考虑一下:
'use strict';
{
let p = 1;
{
console.log(p);
let p = 2;
}
}
直觉告诉我们它应该记录“1”(因为 var 在重新声明之前必须保留其旧值)。但是,实际结果是 ReferenceError。这是为什么? (将不胜感激基于标准的解释)。
请注意,我已经在外部作用域中声明了 p
,所以它在内部 block 中是已知的。如果您注释掉 p=2
行,一切正常。
作为事后分析,虽然这种行为似乎已记录在案,但它仍然非常违反直觉,请参见。这个 C 代码:
void main() {
int p = 1;
{
printf("%d\n", p); // prints '1'
int p = 2;
}
}
还有一个 JS fuckup 特性需要记下!
根据 MDN :
In ECMAScript 2015, let bindings are not subject to Variable Hoisting, which means that let declarations do not move to the top of the current execution context. Referencing the variable in the block before the initialization results in a ReferenceError (contrary to a variable declared with var, which will just have the undefined value). The variable is in a "temporal dead zone" from the start of the block until the initialization is processed.
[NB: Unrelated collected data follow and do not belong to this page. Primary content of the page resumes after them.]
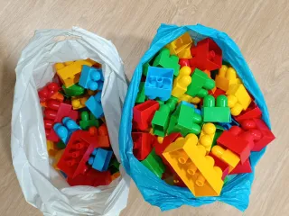 Lote de bloques de construcción de plástico. Más de 200 piezas. - Piezas de colores variados: rojo, azul, verde y amarillo. - Diseñados para encajar fácilmente. - Ideales para el desarrollo de la creatividad.
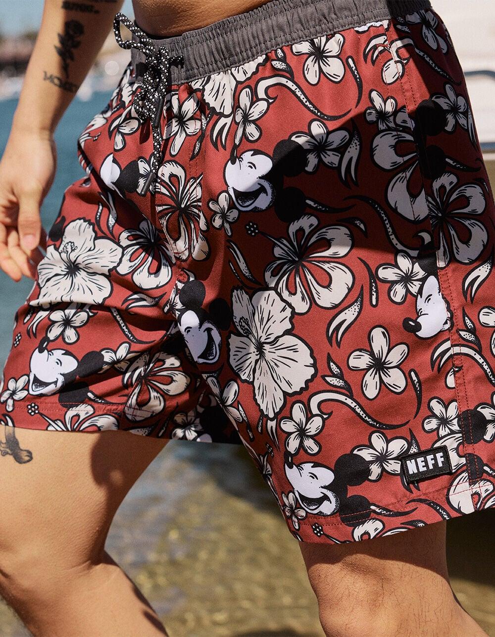 NEFF Tropic Mouse Mens 17" Volley Shorts - BURGUNDY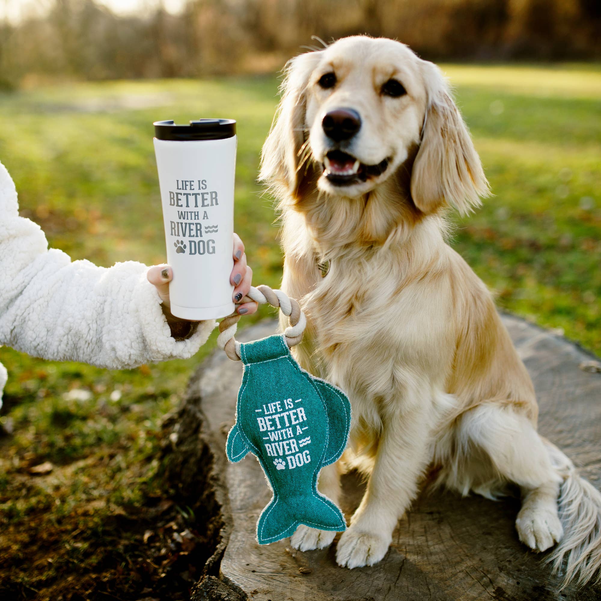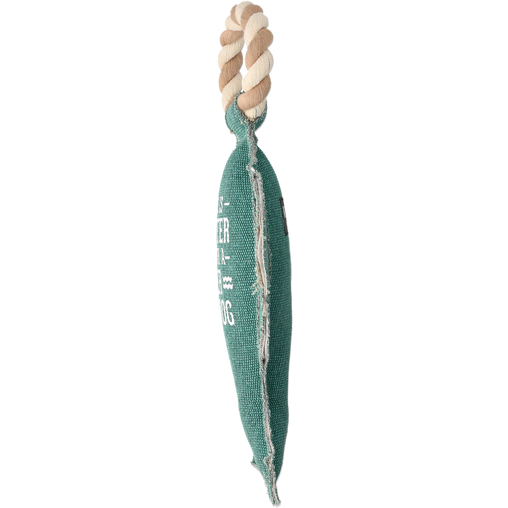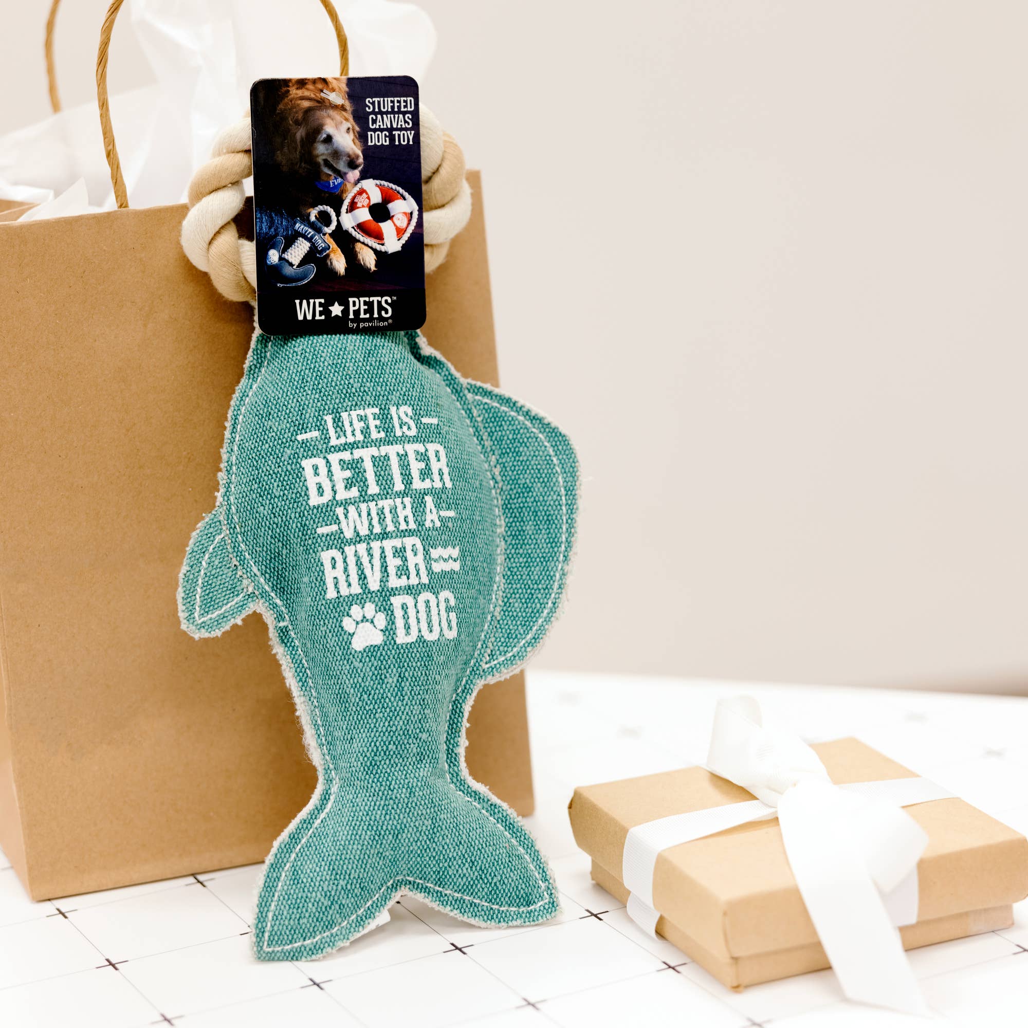 This 12" canvas dog toy shaped like a fish is perfect for playful pups. Made from durable polyester and cotton, it features a squeaker for extra fun and a sturdy rope for tugging. Its rustic look and colorful design brighten up playtime. Easy to clean and designed for supervised play, it’s a lively companion for you and your dog’s adventures.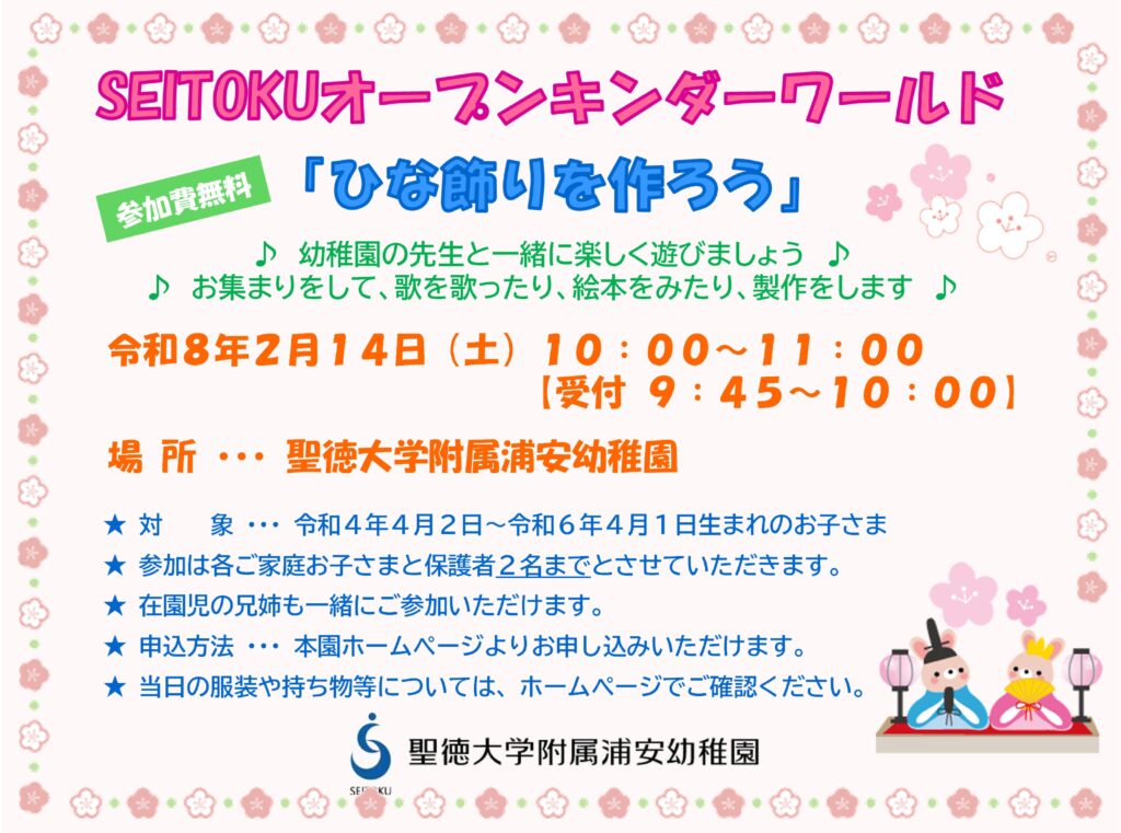 【2月14日開催】SEITOKUオープンキンダーワールドのご案内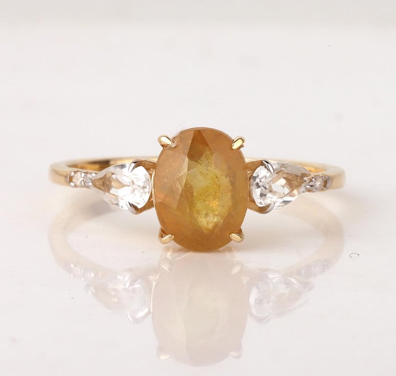 9CT YELLOW GOLD NATURAL 9CT YELLOW SAPPHIRE / NATURAL WHITE TOPAZ & DIAMOND RING Weight Of The Item: 1.51 GFineness Of Metal(S): Yellow Gold 9KtThe Ring Consists Of (1) Oval Brilliant Natural Yellow Sapphire & (2) Pear Brilliant Cut White Topaz. Surrounding The Main Stones Are Round Brilliant Cut Natural Diamonds.Antique StyleIdentification: Natural Yellow Sapphire / Natural White TopazColor: Yellow / WhiteShape: Oval Brilliant Cut / Pear Faceted CutNo. Of Stone: 3Dimension: 8 Mm X 6 Mm X 4.8 MmWeight: 1.85 Carats / 0.47 CaratsCut: Very GoodIdentification: Natural DiamondShape: Round Brilliant CutWeight: 0.02 CtsCut: Excellent. Certificates Are Provided By Gemological Science International (Gsi), An Independent Third-Party Gemological Laboratory Based In The Usa And Recognised Among The Top 10 Gem Labs Globally Condition: Good - Refer Images 0488266+44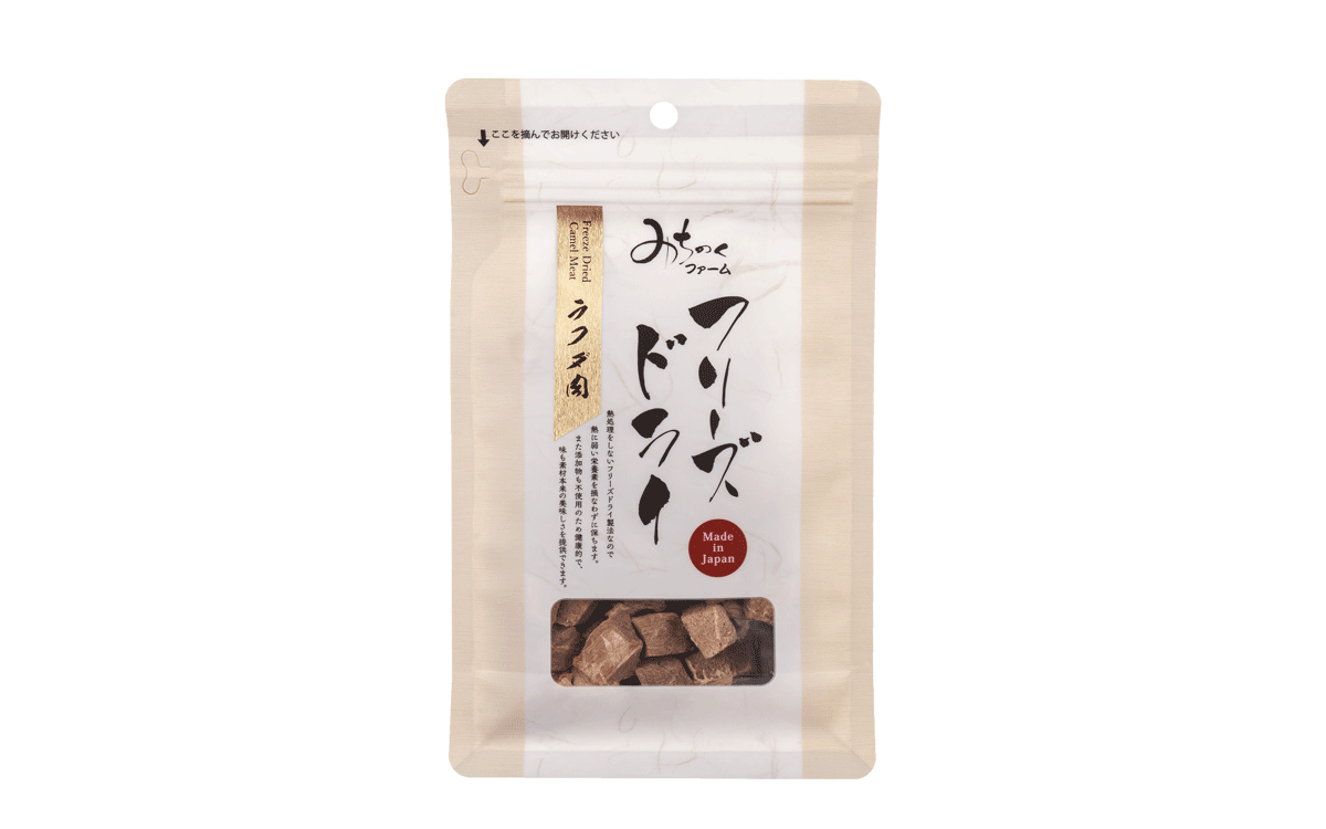 Michinoku Farm’s freeze-dried camel meat treats are sourced from camels raised in the pristine deserts of Australia. Camel meat offers a beef-like flavor, high in protein and low in cholesterol, making it a healthy alternative for your pets. Ideal for dogs that are tired of their usual meat or for those who simply love meat, these treats provide a delicious and nutritious option. The freeze-drying process preserves the rich taste and essential nutrients, ensuring a premium treat for your beloved pets.

问题是你的 let p 语句创建了一个新变量,它的作用域是整个代码块。因此 console.log(p) 中的 p;指的是新创建的变量。
提供了一个与您的情况类似的例子:
function test(){
var foo = 33;
if (true) {
let foo = (foo + 55); // ReferenceError
}
}
test();
Due to lexical scoping, the identifier "foo" inside the expression (foo + 55) evaluates to the if block's foo, and not the overlying variable foo with the value of 33.
In that very line, the if block's "foo" has already been created in the lexical environment, but has not yet reached (and terminated) its initialization (which is part of the statement itself): it's still in the temporal dead zone.